Your objective »
Everything from the line that has "Cipzáros RPET poliészter" to the last line of the listing must be repeated exactly, and nothing more; omit the pictures.
──────── Information provided
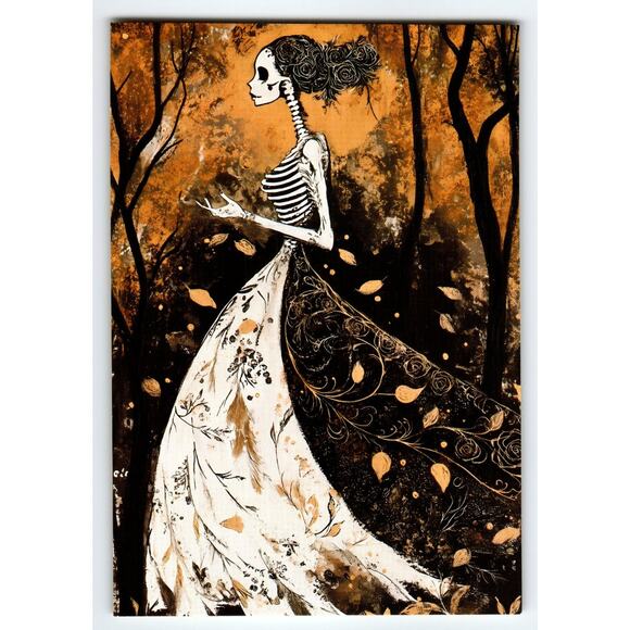 This striking Halloween-themed postcard features a beautifully illustrated skeleton lady adorned with an elegant flowing gown decorated with floral patterns. The artwork masterfully blends shades of black, white, and orange, evoking an autumnal forest backdrop with swirling leaves and bare trees. The intricate detailing in the skeleton's hair, styled with roses, adds a unique gothic charm to this piece. Printed using the photochrome lithograph technique, this postcard showcases vivid colors and a chrome finish that enhances its visual depth and appeal.
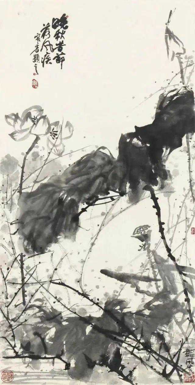 孙韬成《晚秋时节荷风疾》137×70cm
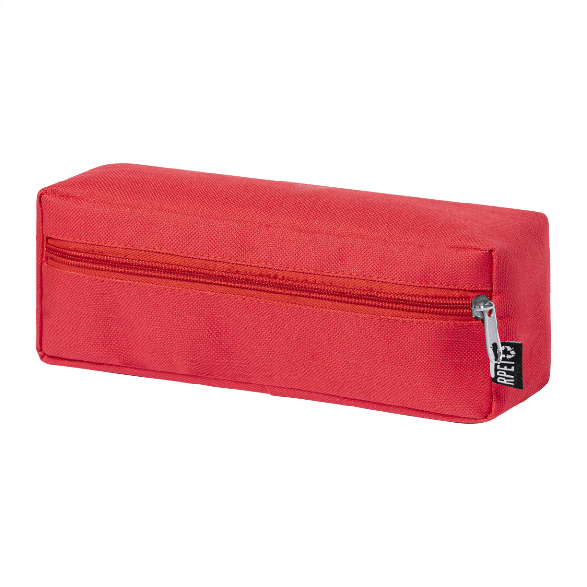 Cipzáros RPET poliészter anyagú tolltartó. 600D RPET poliészter, megkülönböztető RPET címkével. Eleje
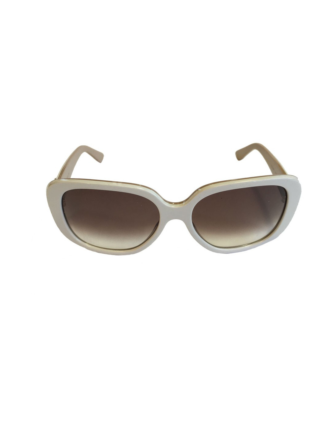 Lunettes de soleil CARTIER en plexi blanc d'un côté et crème de l'autre. verres en dégradé demarron. En parfait état.
────────────────
Task answer »
 Cipzáros RPET poliészter anyagú tolltartó. 600D RPET poliészter, megkülönböztető RPET címkével. Eleje
 Lunettes de soleil CARTIER en plexi blanc d'un côté et crème de l'autre. verres en dégradé demarron. En parfait état.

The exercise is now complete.